If it's broke, fix it.

The price of oil fell by 25% last week -- the largest decline since 1991 -- and has tumbled almost 70% since hitting a record high of $147.27 in July. Needless to say, the Organization of Petroleum Exporting Countries, or OPEC, isn't amused. Member states will likely make the decision to slash production on December 17th - and by all accounts the cuts, aimed at preserving robust profits, will be severe.

This is a PR tightrope: The risk is that the end user, already under mounting economic stress, will recoil. To that end, Minyanville offers advice on how to increase revenue without the appearance of price gouging.

Advances in alternative energy may reduce the demand for oil, but an international campaign painting Toyota (TM) Prius drivers and windmill operators as a bunch of Nancy's should restore balance to the universe.

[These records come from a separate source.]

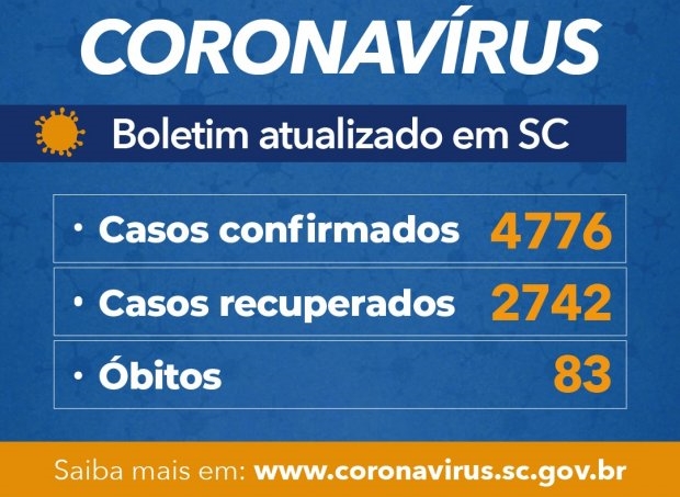 Santa Catarina chegou a 4.776 pacientes com confirmação de infecção pelo novo coronavírus. O número foi divulgado pelo Governo do Estado neste domingo, 17. Desse total, 2.742 já se recuperaram e 1.951 estão em acompanhamento. Desde o início da pandemia, 83 mortes foram causadas pela Covid-19. A taxa de letalidade é de 1,74%.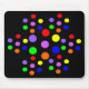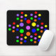 This mousepad features a series of spots representing the seven colours of the rainbow, red, orange, yellow, green, blue, indigo and violet. The spots are arranged to for a floral pattern. The seven larger spots form the centre of the flower and six smaller groups of spots form the outer petals resulting in a pretty eye-catching design.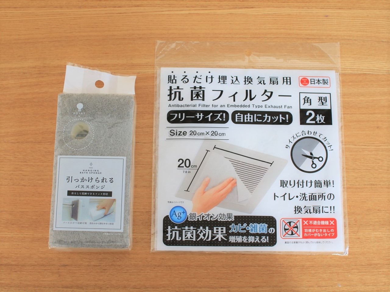 引っかけられるバススポンジと換気専用抗菌フィルター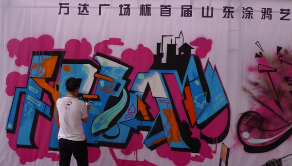 4月30日,在济南万达广场,来自济南、青岛、济宁、临沂、日照等地的12位涂鸦艺术家现场挥洒,共同演绎泉城时尚文化。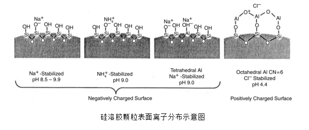 多数牌号的硅溶胶中二氧化硅颗粒的表面电荷性质呈现出负电。硅溶胶颗粒表面主要由硅羟基组成,其结构式为-Si-OH。在碱性pH条件下,颗粒表面带有阴离子电荷,需要通过结合阳离子物质(如Na+、K+、NH4+)来保持硅溶胶的稳定性。硅溶胶在8-10.5的pH范围内保持相对稳定,不会产生胶凝和沉降现象。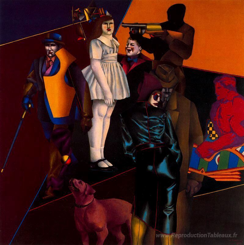 Nous vous proposons une reproduction artisanale sur toile du célèbre tableau 'La rue' de Richard Lindner, provenant du Musée de la Reproduction.

The United States government -- OPEC's largest customer -- plans to reduce its dependence on foreign oil by drilling offshore. Merge with the NRA to solidify control of the American legislative system.

Stateside, Middle-Eastern oil magnates suffer from a poor public image. Appeal to the Iron Sheik to apologize formally for disparaging comments he may have made about Hulk Hogan at Wrestlemania I.

Take a cue from General Mills (GIS) and ever-so-slightly reduce the amount of oil per barrel to achieve volume savings.

Remind the owners of flamethrowers that you achieve greater distances with higher octane.